AWS faced a string of outages in December 2021 –three in a span of two weeks to be exact. In the third outage, the cloud computing giant’s East Coast data centre in North Virginia went down. The disruption lasted for hours, affecting central and eastern United States, and threw Slack, Epic Games Store and Amazon websites into disarray. AWS later said it was looking at its “increased EC2 launch failures and networking connectivity issues.”
AWS glitches are not a new phenomenon. Clients either stretch their architecture across multiple geographic regions or use multiple providers to work around cloud outages. However, the cost and effort involved in such measures can set the clients back. The best way to defend against sudden failures is to build resilient infrastructure.
Of late, Amazon is committing a lot of resources to solve this costly problem. To deal with the pressures of sudden traffic on a global scale, live events and popular streaming premieres, Amazon Prime Video team employed a mix of machine learning and continuous resilience. Apart from this, the team also ensured failovers functioned seamlessly.
Sign up for your weekly dose of what's up in emerging technology.
Machine learning to forecast workload
Workload forecasting with ML involves taking into account a few variables, including timelines for feature rollouts, long-term planning, marketing strategies, seasonalities, and customer metrics, to project the workload trajectory.
According to Ali Jalali (applied scientist at Amazon), using classical time series models combined with deep learning helped them zero in on an optimal risk level to the area for the forecast. The team built predictive models to correctly forecast the spike in traffic for the popular Indian series, Mirzapur.
The platform has now created a similarity engine using past Amazon events and feedback from social media and IMDB ratings to predict hype. The resiliency of a system can be tested against this expected hype. This helped the Prime Video team determine which data centres can handle different workloads based on their latency and availability.
Machine learning for incident management
Automating the response to an incident can massively reduce the time taken to mitigate the issue while also easing the process for engineers. The model will locate the likely error and troubleshoot it while searching for patterns of false alarms.
An automated system well-fed with data will reduce such incidents over time. The goal isn’t to remove humans completely from incident management but to make their jobs easier.
The DevOps team at Prime Video built ML models to determine workload demand and used chaos engineering to practice IT incident recovery. Chaos engineering entails injecting a little latency into a function in a controlled environment. Gradually more functions are injected with latency until the breaking point. The intention behind this is to observe how the system reacts during an unforeseen event and consequently help the device build greater self-belief to perform normally in the face of such events.

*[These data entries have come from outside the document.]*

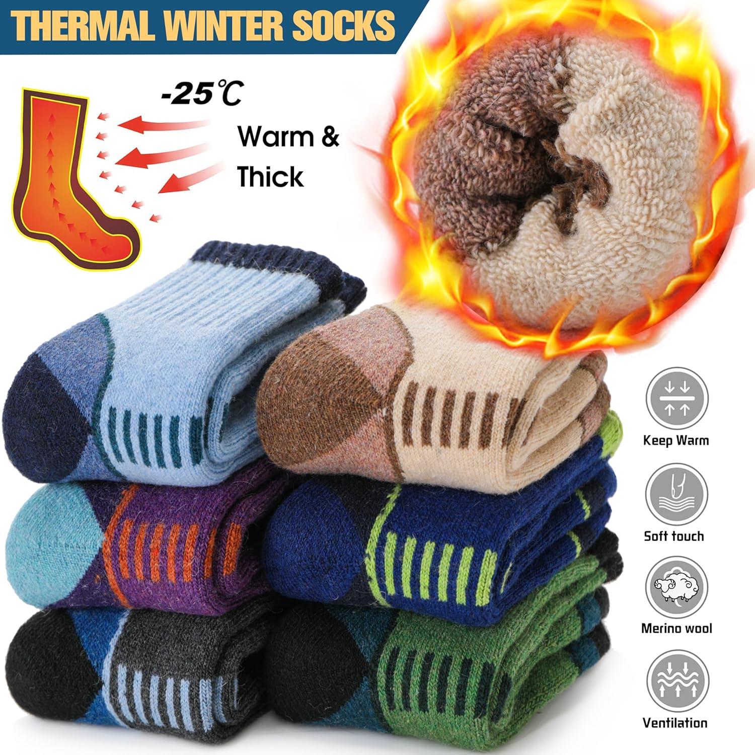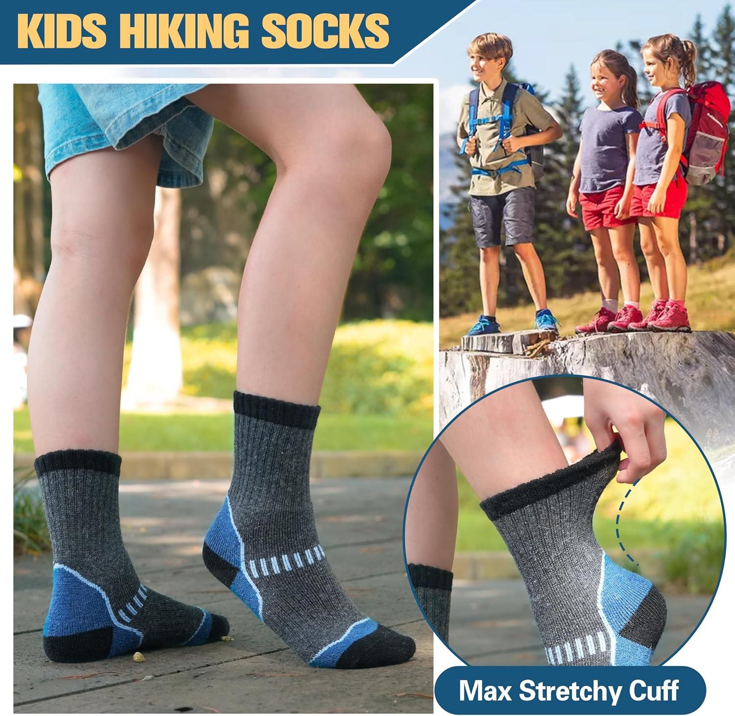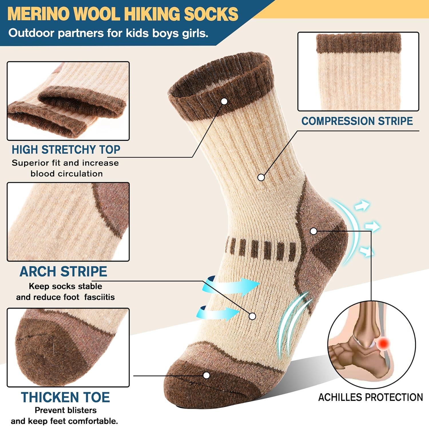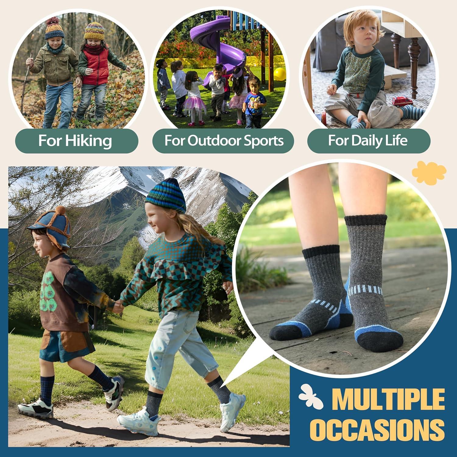 Kids Merino Wool Hiking Socks Boys Girls Toddler Thermal Winter Warm Thick Cushioned Moisture Wicking Socks 6 Pairs(Green/Purple/Grey/Dark Blue/Blue/Beige)
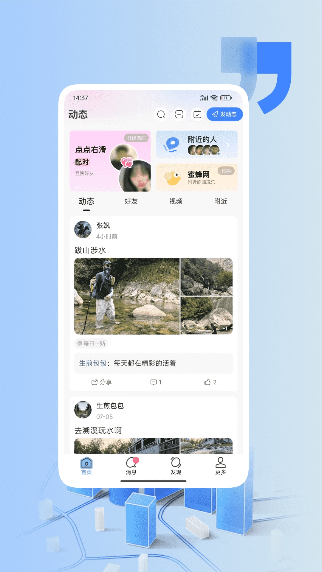 你可以在线发布自己的生活动态,发布时能够采用图文结合的形式来呈现这些动态内容。
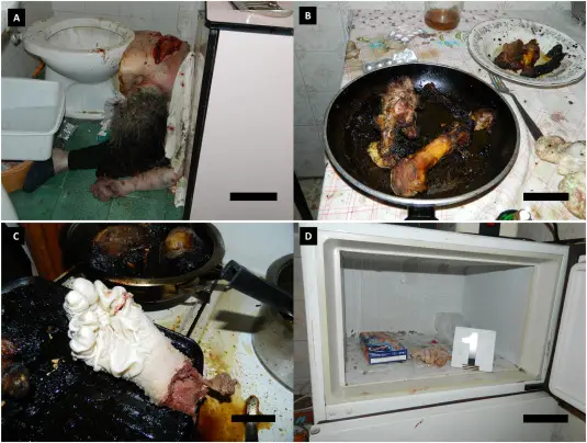 Khi tiếp cận hiện trường, lực lượng chức năng phát hiện người phụ nữ đã tử vong trong phòng tắm, thi thể có nhiều dấu hiệu bị x.a.m h.a.i n.g.h.i.ê.m t.r.ọ.n.g. Trong khu vực nhà bếp và tủ đông, cơ quan điều tra thu giữ nhiều phần cơ thể người có dấu hiệu bị x.ử l.ý bằng nhiệt.
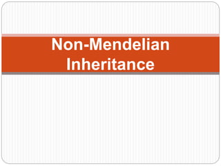 This document discusses several forms of non-Mendelian inheritance including incomplete dominance where traits show a combined phenotype, co-dominance where offspring exhibit both parental traits together, multiple alleles where more than two alleles can code for a trait, maternal and paternal effects where the parent's environment or genotype influences the offspring's phenotype, epigenetic inheritance involving modification to genes or chromosomes early in development, and gene conversion being a DNA recombination process that transfers sequence information between DNA helices.
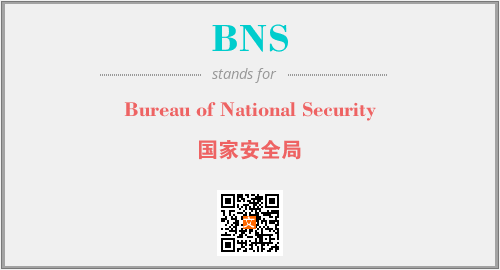 上述内容是“Bureau of National Security”作为“BNS”的缩写,解释为“国家安全局”时的信息,以及英文缩略词BNS所代表的英文单词,其对应的中文拼音、详细解释以及在英文中的流行度和相关分类、应用领域及应用示例等。
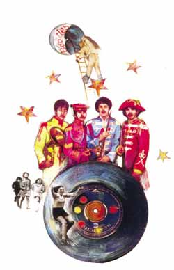 Piel de su sustancia, qué mejor que la histórica portada de Peter Blake (por mediación de Robert Fraser), artista pop predecesor de Andy Warhol quien, por un pago de doscientas libras, propone un collage de personalidades entre las que destacan Bob Dylan, Stockhausen, Freud, Allan Poe, Wilde, Marx y Marlon Brando. Además, incluye un montón de elementos decorativos ante los cuales no han cesado las interpretaciones: figuras de cera de los músicos como alegoría de una muerte en la que quedan enterradas sus antiguas y adolescentes pretensiones, una muñeca con un mensaje a sus camaradas los Rolling Stones, flores, trajes militares sicodélicos, bigotes y pelo largo como un deseo de transformación y madurez.

To start with, a backup data centre must be checked for its failover reliability. More outages have resulted from IT and network problems than power issues in the recent past.
There are three major components to reactive architecture:
- Elasticity: Scaling applications as and when required.
- Responsive: This maintains a system that is always aware of its surroundings, making it more alert and cautious.
- Resilience: This ensures the system is robust and up-and-running come what may.
Later, the Prime Video team came up with a resilience score. The score indicated the team’s preparedness to deal with failures, avoid downtime, accept failures as a norm, and design contingency plans. However, the resilience score is not a marker for the system’s performance but a report that helps the team understand how to prioritise.